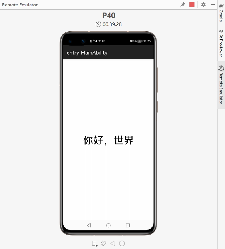 点击模拟器返回按钮,返回“你好,世界”界面,效果如图5-29所示。
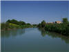 Die erste Carrefour-Schiffstankstelle! Wie immer bei Carrefour sehr schick. Der Lez ist etwas eng, hoffentlich kommt uns keiner entgegen. Ob das wohl Bojen sein sollen?
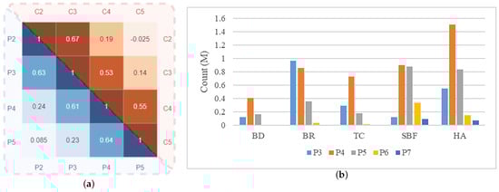 Figure 5. (a) Correlation matrix of different layers. The blue in the lower left corner and the red in the upper right corner are the correlations of the backbone features and pyramid features, respectively. (b) Pyramid-level distribution of different categories predicted by baseline. The colors of the columns represent different pyramid levels, and the categories include baseball diamond (BD), bridge (BR), tennis count (TC), soccer field (SBF), and harbors (HA). - Secondly, feature fusion based on lateral connections is equivalent to a linear combination of the feature hierarchy, which is weak in capturing highly nonlinear features. Thus, it is difficult to cope with remote-sensing targets with various shapes and scales.
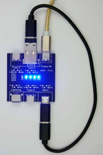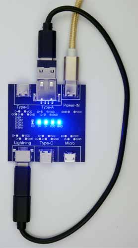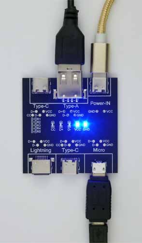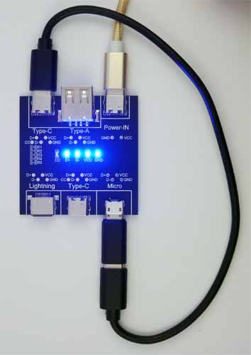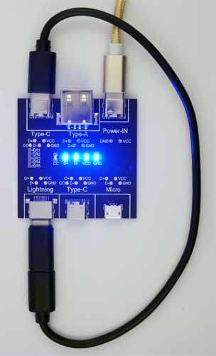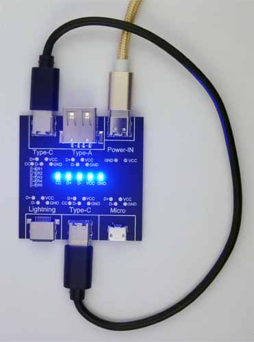 「VCC」「GND」のLEDのみ点灯しました。 【 充電専用ケーブルテスト時 】

» YOUR INSTRUCTIONS
Pictures are to be excluded; all other material must be transcribed exactly.

» RESPONSE
 点击模拟器返回按钮,返回“你好,世界”界面,效果如图5-29所示。
 Die erste Carrefour-Schiffstankstelle! Wie immer bei Carrefour sehr schick. Der Lez ist etwas eng, hoffentlich kommt uns keiner entgegen. Ob das wohl Bojen sein sollen?
 Figure 5. (a) Correlation matrix of different layers. The blue in the lower left corner and the red in the upper right corner are the correlations of the backbone features and pyramid features, respectively. (b) Pyramid-level distribution of different categories predicted by baseline. The colors of the columns represent different pyramid levels, and the categories include baseball diamond (BD), bridge (BR), tennis count (TC), soccer field (SBF), and harbors (HA). - Secondly, feature fusion based on lateral connections is equivalent to a linear combination of the feature hierarchy, which is weak in capturing highly nonlinear features. Thus, it is difficult to cope with remote-sensing targets with various shapes and scales.
 「VCC」「GND」のLEDのみ点灯しました。 【 充電専用ケーブルテスト時 】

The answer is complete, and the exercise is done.